Tuesday, December 1, 2015
Perfectly Un-Perfect
So I hope it was a good holiday for all. I really enjoyed the holiday it was very low key, which was perfect and I have so much to be grateful for. I’m grateful that I still learn new things that open my eyes to other possibilities…. This of course is among so much more that I’m grateful for (my husband, my family, friends, my dog, a roof over my head, food on my table, a good job, a full/rich life…).
I was recently asked by my therapist to take part in an exercise based on some of my frustrations in a recent session with her. She asked me to use words that described how I felt about money (one of my frustrations). When she read the list back to me they had the words, “I am…” before them. Anything/anyone can be a reflection of who we are. When hearing the list my first thought was that it sounded like my mother. Anyone who knows me well, knows that my relationship with my mother is very estranged and very non-existent, so this is not a complement. I vowed long ago to never be like her.
This exercise had quite a powerful effect on me. Over the next few weeks as I sat with these words reflecting at me. I was to not only write about any push back that my mind gave in regard to the words, but I was also to ask someone that I trusted to tell me the truth about if they viewed me as being this particular list of words and what I discovered is that I was more likely this way to myself, but not to others. What it made me realize is that I needed to do a better job finding a way to like myself and to treat myself gently and kindly.

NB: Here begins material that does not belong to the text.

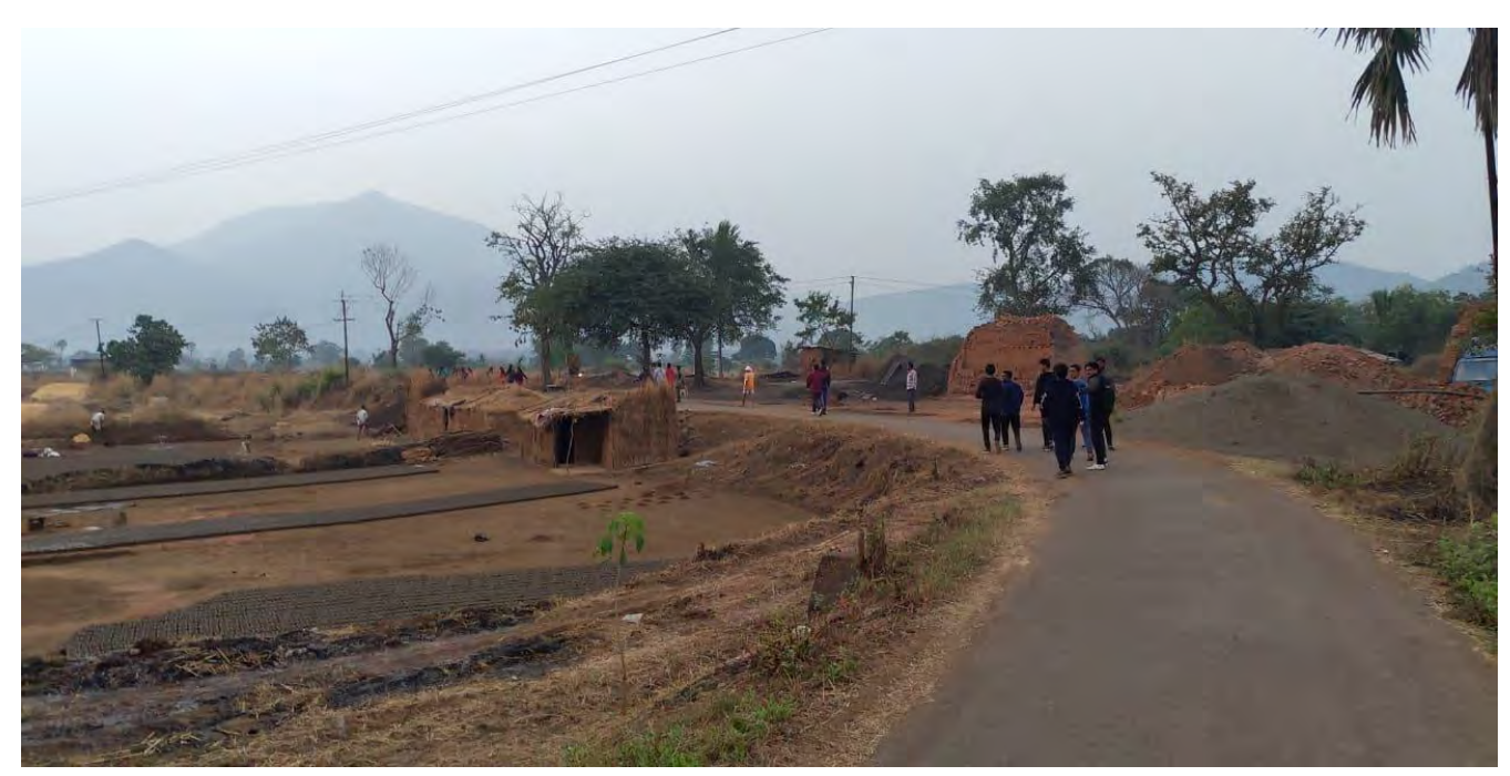
All the NSS volunteers going for the morning jog

On 30th December 2019, 7th day of the camp, the morning routine was followed as per the schedule like the previous 6 days. This included health and fitness session which consisted of a 1-hour yoga session followed by 30-min exercise.

After sitting with these words for a few weeks I realized that, yes, sometimes I am these things, but not always and that is okay… it is part of accepting me for me. At times we can all be a little ugly to ourselves and maybe to others as well. We are all perfectly un-perfect.

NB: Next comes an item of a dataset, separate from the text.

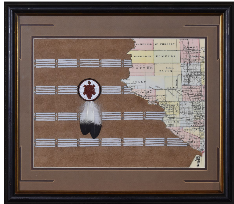
The Great Sioux Nation Mixed Media (Foggma) © 2020 Jerry Fogg

In the same day that I did this exercise, the words kept eating at me and I broke down in tears not understanding why this reflection was revealed, but I knew that I would do whatever work I needed to in order to improve not only my relationship with myself, but also with money and as a result with others who are in my life or that I come in contact with. The work may be difficult and painful, but I know this work can be so rewarding. So far this tiny, seemingly simple exercise has been transformitive, and yet it is incomplete. I will learn next steps in the next session. It is time to be brave, strong and to face the demons whatever they may be. I must say that I do feel more at peace with myself already. I’m ready to face the challenges that life brings and for this I’m grateful.
What are your demons? Are you afraid to face them? Do you project your emotions, feeling and thoughts on to others?